Added subfolders under notebooks (e.g., notebooks/lab1_eda/).

Added src/ for reusable Python scripts.

Change: I removed src/ and didn’t detail subfolders to keep it lean and beginner-friendly.

2. Branching Model

My version:

Focused on roles: who creates (contributors), when to merge (after review/tests).

Added hotfix branches explicitly.

Sample version:

Emphasized naming conventions (e.g., feature/js-eda-trends).

No mention of hotfixes.

Change: I added hotfix workflow but didn’t include naming rules (kept lightweight).

3. Colab ↔ BigQuery Quickstart

My version:

Gave a realistic group-by query with LIMIT 1000.

Highlighted cost-safety with that example.

Sample version:

Used a minimal SELECT 1 test query.

Stated cost-safety separately as a principle.

Change: I replaced the trivial test query with a realistic one to show useful classroom practice while still cost-safe.

4. Pull Request Checklist & Main Protection

My version:

Kept it 8 bullets max (title/description, runs without errors, outputs cleared, no secrets, docs updated, tests pass, reviewer assigned, small PRs).

Separate section for protection rules (review, CI, no direct pushes, up-to-date merges).

Sample version:

Much more detailed (titles in specific format, screenshots, linked issues, revert plan).

Mixed protection rules into same section.

Change: I streamlined the checklist (shorter, simpler, fits classroom runbook) and separated protection rules for clarity.

5. Risks & Mitigations

My version:

Two risks: secrets leakage + merge conflicts.

Mitigations: .gitignore, scanners, env vars, small PRs, frequent merges.

Sample version:

Same two risks.

Mitigations more detailed (Colab Secrets Manager, clearing outputs, splitting notebooks).

Change: I kept risks simpler and focused on general Git hygiene rather than Colab-specific mitigations.




---
## Submission Checklist (to your team repo + Brightspace link)

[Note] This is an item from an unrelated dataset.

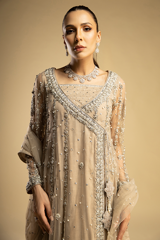 "Kashaf" is a floor length kalidaar angrakha on a dreamy beidge net canvas featuring detailed and intricate kora, dabka, zari, sequins and pearls work. It is paired with matching dhaka pajama, hem finished with silver cutwork and matching net dupatta with sequins and pearls over all.
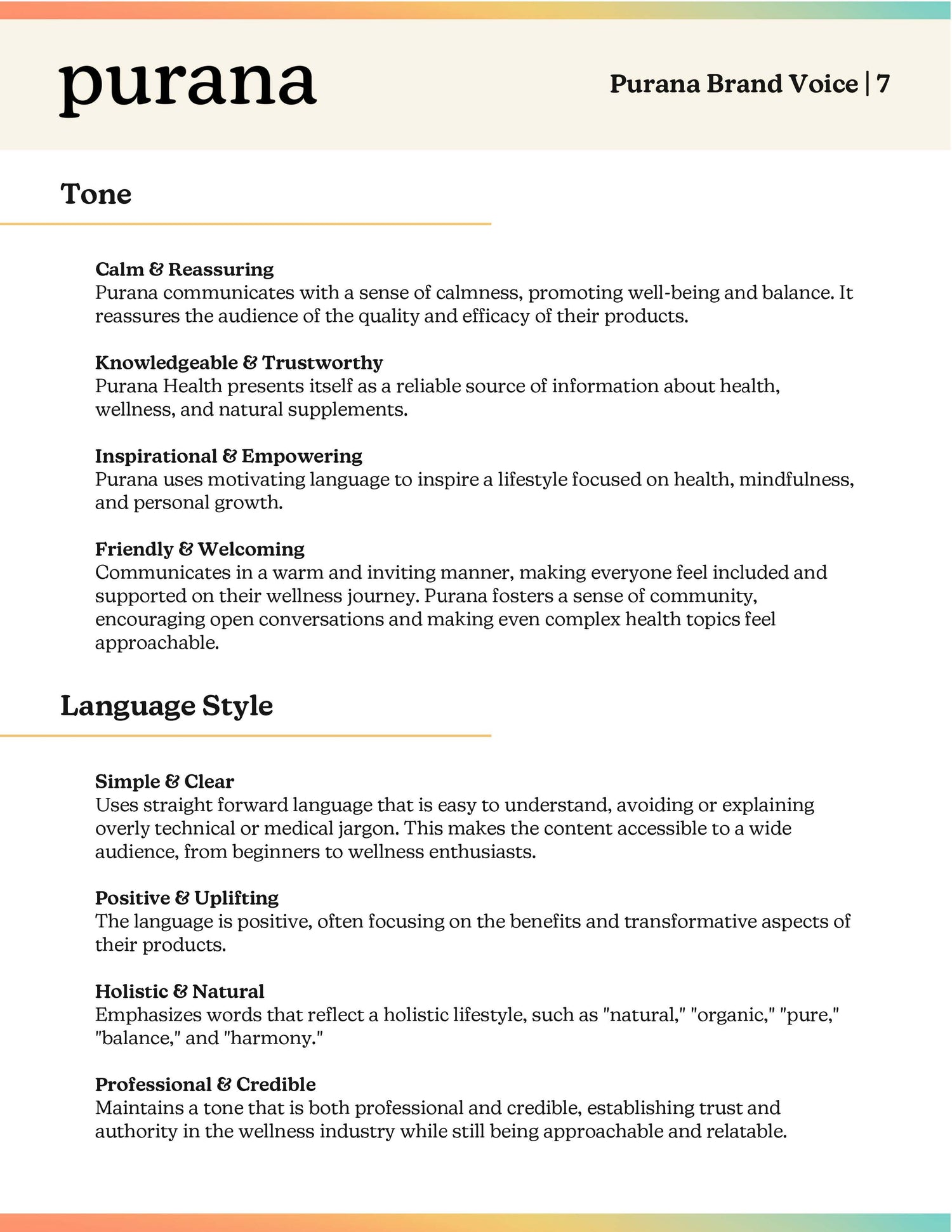 As Purana’s visual and verbal identity took shape, I created a detailed social media guide to help translate the brand consistently across platforms. This internal resource was built to empower future team members, creators, and collaborators to speak with the brand — not just about it.

- [ ] All **Reflection** sections completed (A1–A3, B1–B3, C1–C3, Capstone).
- [ ] Any code snippets pasted are **validated** and include a 1‑line explanation.
- [ ] Notebook runs top‑to‑bottom without errors (where code cells exist).
- [ ] Commit message: `week2.1-prompt-practice` and open a PR for review.
- [ ] Add this notebook path to your repo **README.md** under Week 2.1.